Spodziewamy się, że te decyzje będą podejmowane w najbliższych 10-12 miesiącach
- powiedział dziennikarzom w Rudzie Śląskiej minister, pytany o decyzje dotyczące wyboru lokalizacji i technologii dla polskich elektrowni atomowych.
Wyboru technologii, ale przede wszystkim wyboru partnera, dlatego, że my potrzebujemy partnera dla tego programu, który będzie z nami budował te elektrownie, będzie z nami w fazie ich eksploatacji i pozostanie z nami aż do końca ich istnienia. To jest partnerstwo, które będzie trwało 60-80 lat
- dodał Naimski.
Jesteśmy w perspektywie podejmowania decyzji, które będą skutkowały przez dekady. Może dlatego zastanawiamy się nad tym głęboko. Partner, którego potrzebujemy, to musi być ten, z którym będziemy chcieli zostać na tak długo
- mówił minister, potwierdzając, że będzie to jeden partner.
Minister przypomniał, że w ciągu 20 lat Polska zamierza wybudować 6-9 gigawatów mocy w energetyce nuklearnej, co będzie oznaczało budowę sześciu reaktorów w kilku miejscach w Polsce.

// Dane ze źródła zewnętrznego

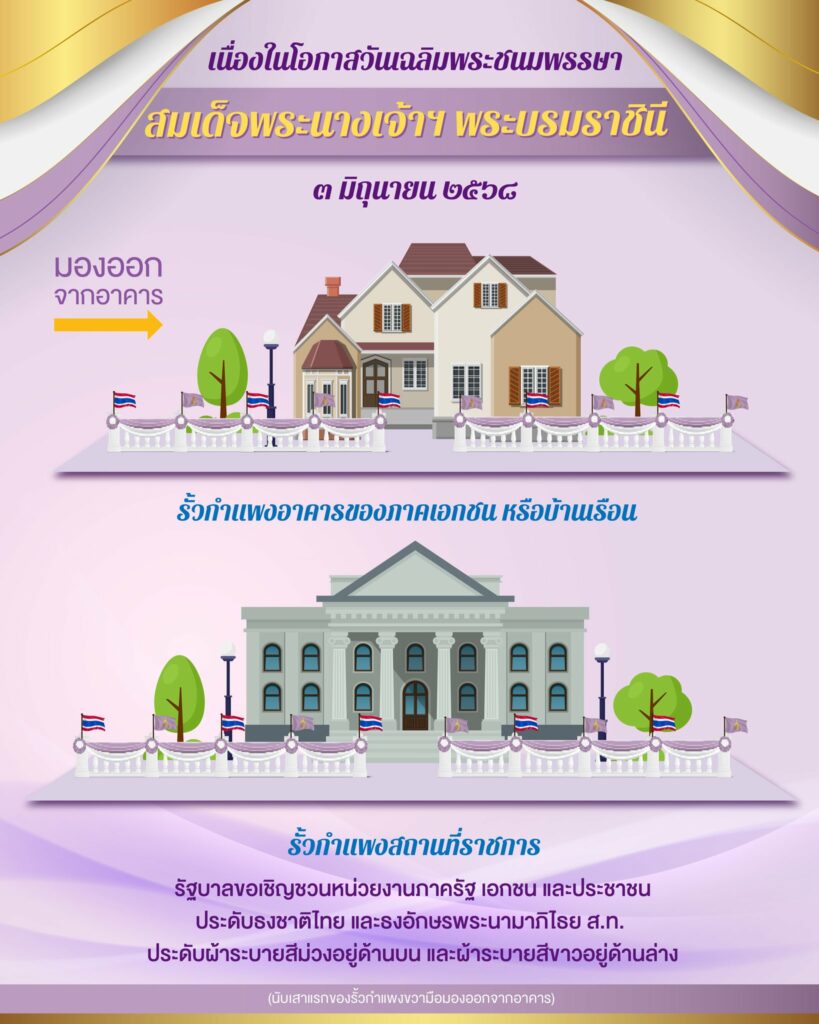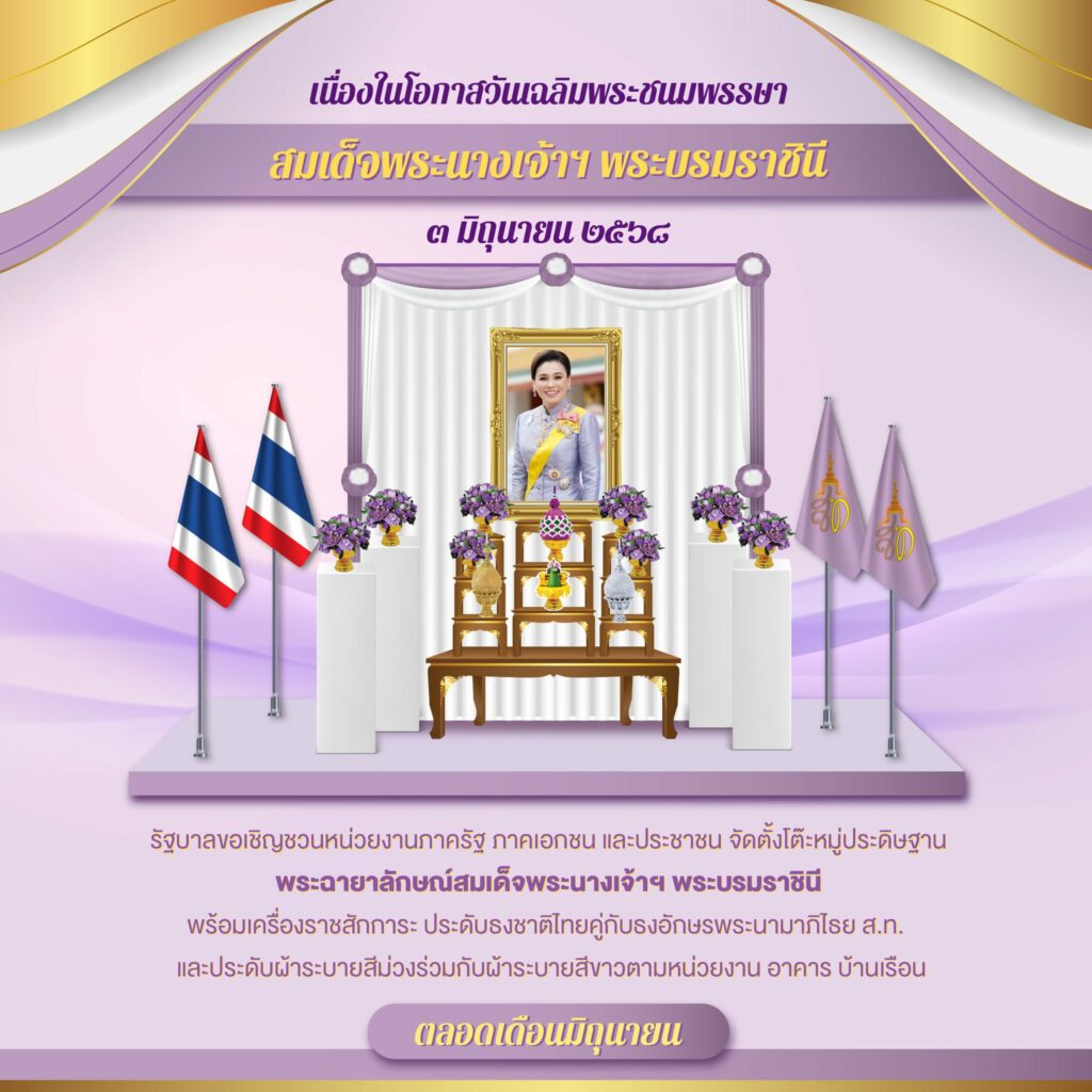 รัฐบาล ขอเชิญชวนหน่วยงานภาครัฐ ภาคเอกชน และประชาชนทั่วประเทศ ร่วมแสดงความจงรักภักดีและเทิดทูนสถาบันพระมหากษัตริย์ เนื่องในโอกาสวันเฉลิมพระชนมพรรษา สมเด็จพระนางเจ้าฯ พระบรมราชินี วันที่ 3 มิถุนายน 2568 โดยการจัดตั้งโต๊ะหมู่ประดิษฐานพระฉายาลักษณ์สมเด็จพระนางเจ้าฯ พระบรมราชินี พร้อมเครื่องราชสักการะ ณ ที่ตั้งหน่วยงาน อาคาร และบ้านเรือน และขอให้ประดับธงชาติไทย คู่กับ ธงพระนามาภิไธย ส.ท. ตกแต่งสถานที่ด้วยผ้าระบายสีม่วงร่วมกับสีขาวอย่างเหมาะสม ตลอดช่วงเดือนมิถุนายน 2568

To jest wielki pogram, który pozwoli na zakończenie, w roku 2043-2045, uzyskać ok. 20 proc. energii nuklearnej w polskim miksie energetycznym
- ocenił pełnomocnik. Koszt całego programu oszacował na 100-120 mld zł, z czego ok. 50-60 mld zł w pierwszej dekadzie jego realizacji.